Digital Shelf Space Corp. (TSX VENTURE: DSS) (the "Company" or
"DSS") announces unaudited financial results for the six months
ended June 30, 2011.
Highlights
-- Since launching the Company's first product, the GSP RUSHFIT DVD workout
program, the Company achieved revenues for the six months ending June
30, 2011 in excess of $1.1 million dollars.
-- Revenues for the second quarter ending June 30 were $582,251, a 3.6%
increase over the previous quarter. The growth this quarter is despite
seasonal trends for health and fitness products when revenues in the
first quarter of the calendar year typically generate the largest
proportion of annual sales.
-- In connection with the initial launch of the GSP RUSHFIT Direct Response
TV Campaign in June, wholesale revenues increased 195% overall in the
2nd quarter, as retail distribution continued to grow in Canada.

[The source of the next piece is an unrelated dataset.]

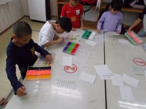 アイロンビーズをする。自分たちで作る個数を話し合って好きなキャラクターを作る。

-- On May 16, 2011, the Company closed a private placement in the amount of
$1,226,527.
-- On June 27, 2011 Mr. Jeffrey Sackman, former President of Lionsgate
Films and CEO and Founder of THINKfilm, was appointed to the board of
directors of the Company.
-- On June 28, 2011 the Company converted $262,500 in loans owing into
equity of the Company at a price per common share of $0.22. The Company
is now debt free.
Revenue
The total revenue for the six months of $1,144,078 (July 31,
2010 - $5,053) continued to be driven primarily by the Company's
new product GSP RUSHFIT, an 8-week home-based DVD workout program
starring Mixed Martial Arts ("MMA") welterweight world champion
Georges St-Pierre. In addition to the product sales directly
through the GSP RUSHFIT website (www.gsprushfit.com), wholesale
revenues grew by 195% through the Company's partnership with
Northern Response (International) Ltd. ("Northern"). Product sold
to Northern was distributed in Canada through some of the largest
retailers such as Future Shop, Best Buy and Walmart Canada. Plans
for international expansion continue to move forward with expansion
planned in the next quarter.
Mr. Jeffrey Sharpe, CEO and President of DSS stated, "We are
very pleased with the financial results for our second quarter and
for the 6 month period ending June 30, 2011. For us to increase our
revenue in the second quarter over the first quarter is a very
positive sign that GSP RUSHFIT is gaining significant traction in
the retail market place. Typically revenues for health and fitness
products experience seasonal trends with the first quarter of the
calendar year most often generating the largest proportion of
annual sales. We have now sold over 25,000 copies of GSP RUSHFIT
and have over 20,000 followers on our GSP RUSHFIT Facebook page.
Our retail sell through has happened very quickly and Northern
Response (International) Ltd. anticipates the program being for
sale in over 3000 stores across Canada by the end of the third
quarter. We look forward to expanding our distribution channels
internationally and extending our marketing and advertising reach
throughout the balance of 2011." GSP RUSHFIT was launched on
December 10, 2010 and has quickly established itself as a premium
brand in the lucrative home fitness market.
Expenses
During the six month period ending June 30, 2011, operating
expenses increased to $1,477,584 (July 31, 2010 - $557,587).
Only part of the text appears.